Work to be completed
Pictures stay out of the copy. Retype exactly, and only, the lines from the one containing "THREE PIECES OF" through the end of the listing below.

Supplied material

....................

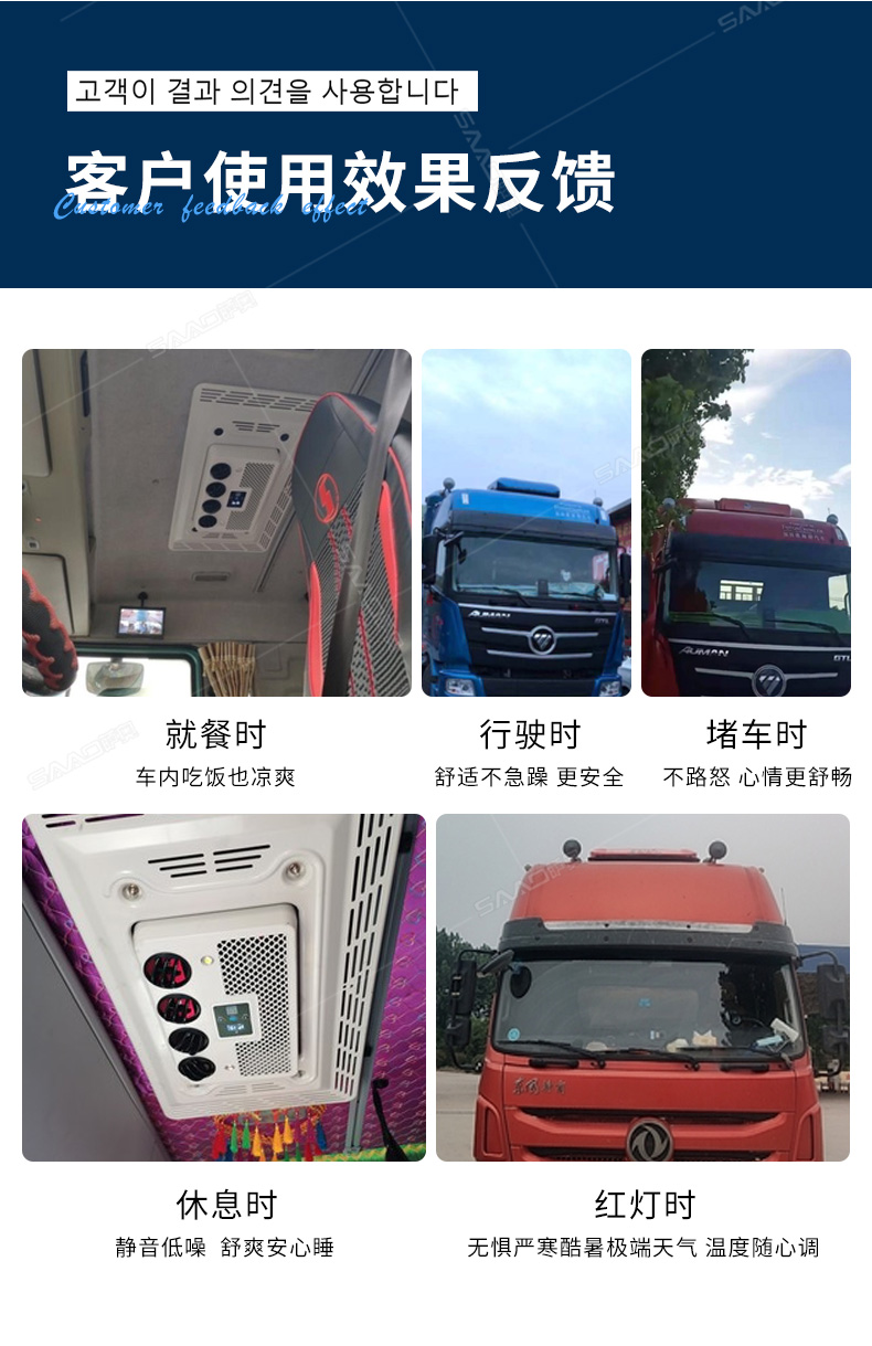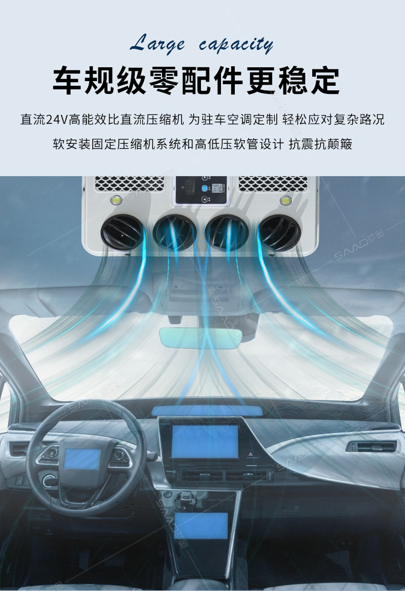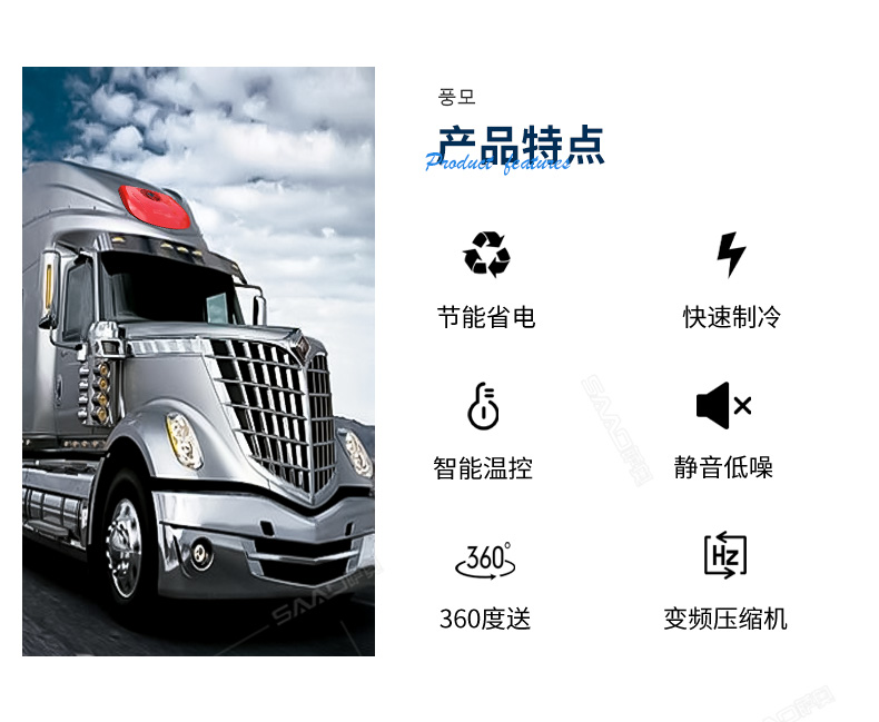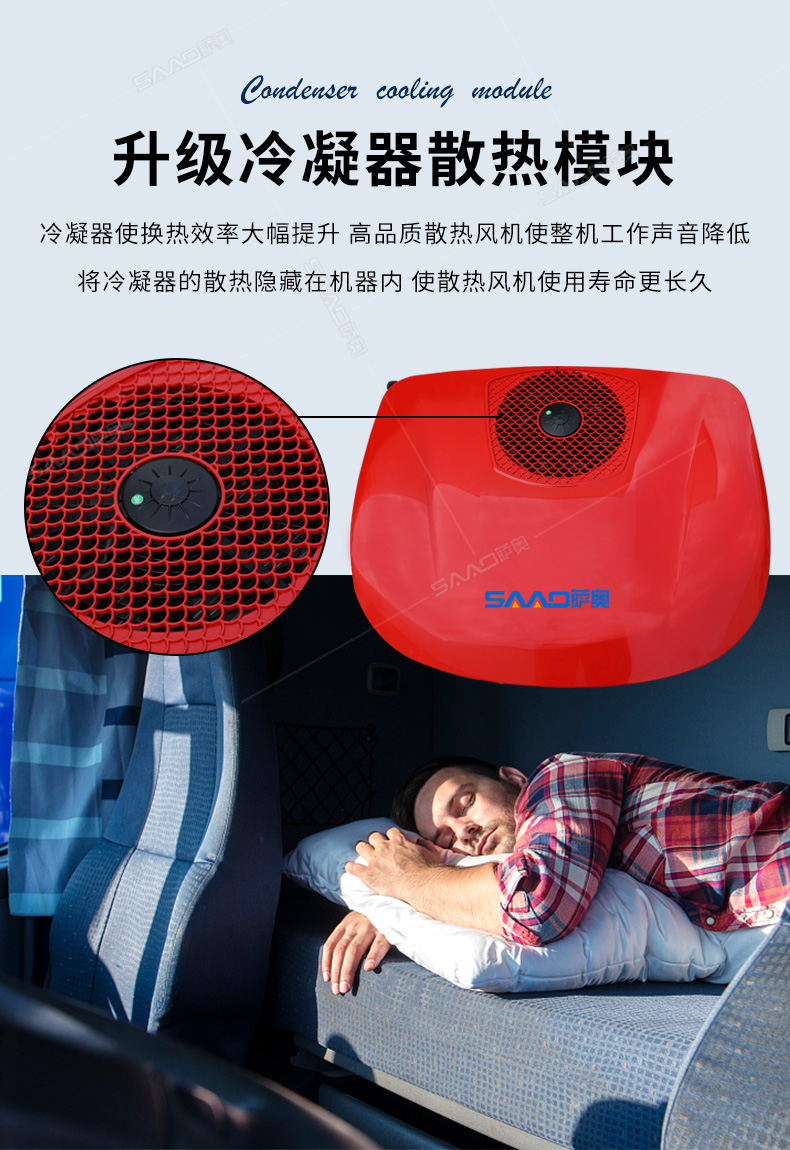 SA-D8000車(chē)載頂置駐車(chē)空調(diào)主要用于卡車(chē)、貨車(chē)等大車(chē)的制冷。一分鐘快速制冷高效節(jié)能,白天可用4-6小時(shí)晚上6-8小時(shí)。
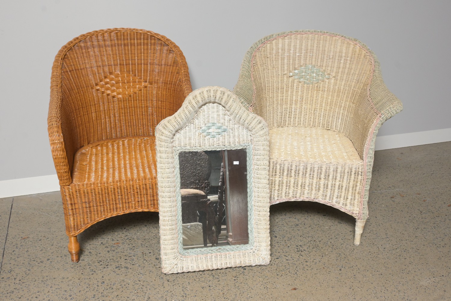 THREE PIECES OF VINTAGE CANE INCLUDING A PAIR OF FRENCH PAINTED CANE ARMCHAIR AND MATCHED MIRROR (H86 X W64 X D67) (LEONARD JOEL DELIVERY: X-LARGE)
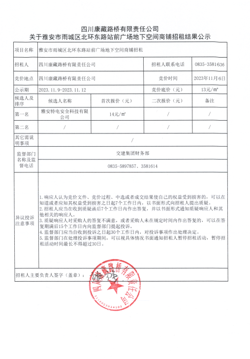 四川康藏路橋有限責任公司關于雅安市雨城區(qū)北環(huán)東路站前廣場地下空間商鋪招租結(jié)果公示
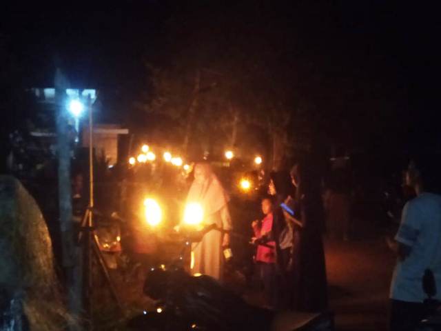 Masyarakat sangat antusias mengikuti pawai obor sambil berkeliling baik dari kalangan orang tua remaja dan anak – anak.

....................

Task response
 THREE PIECES OF VINTAGE CANE INCLUDING A PAIR OF FRENCH PAINTED CANE ARMCHAIR AND MATCHED MIRROR (H86 X W64 X D67) (LEONARD JOEL DELIVERY: X-LARGE)
 四川康藏路橋有限責任公司關于雅安市雨城區(qū)北環(huán)東路站前廣場地下空間商鋪招租結(jié)果公示
 Masyarakat sangat antusias mengikuti pawai obor sambil berkeliling baik dari kalangan orang tua remaja dan anak – anak.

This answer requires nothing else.